Measure the performance in 3 times.
MFLOPS: 7715.22363 time(s): 0.43500000000000000 4.88281250E-04
Now, start the actual measurement process.
The loop will be excuted in 413 times.
This will take about one minute.
Wait for a while.
Loop executed for 413 times
Gosa : 4.88281250E-04
MFLOPS: 7730.45605 time(s): 59.767000000000003
Score based on Pentium III 600MHz : 93.3179169
./himeno_codee
  mimax=         513  mjmax=         257  mkmax=         257
imax= 512 jmax= 256 kmax= 256
Time measurement accuracy : .10000E-02
Start rehearsal measurement process.
Measure the performance in 3 times.
MFLOPS: 17036.1523 time(s): 0.19700000000000001 8.46543233E-04
Now, start the actual measurement process.
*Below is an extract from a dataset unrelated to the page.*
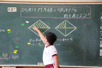 4年生算数 公開日 2022/07/12 更新日 2022/07/12 お知らせ 4年生の算数「ひし形の対角線でできる形」の様子をお知らせします。 図形の問題は、理由や説明が必要となることが多く、苦手意識をもちやすい単元です。今年度の本校の重点の「理由や根拠をもって、自分の意見を伝える」活動を通して、どんどんお利口になってほしいと思います。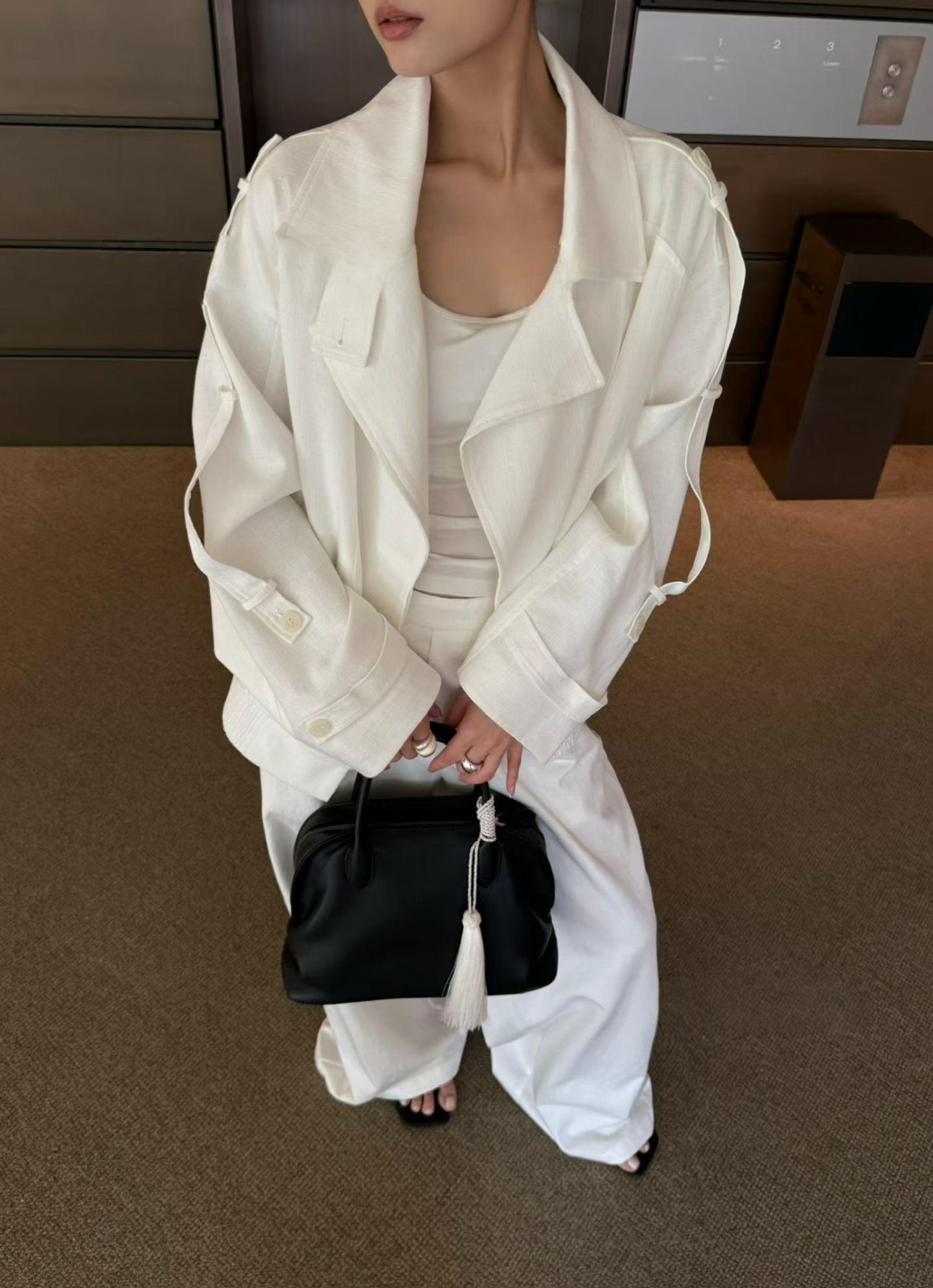 T0161 PURITY JAPAN テンセルリネンショートトレンチジャケット レディース 軽量 春アウター きれいめ 抜け感 上品 羽織り

The loop will be excuted in 913 times.
This will take about one minute.
Wait for a while.
Loop executed for 913 times
Gosa : 6.00490777E-04
MFLOPS: 17406.5215 time(s): 58.678000000000004
Score based on Pentium III 600MHz : 210.122192

The performance has increased from 7730 MFLOPS to 17406 MFLOPS, representing a 2.25X speedup.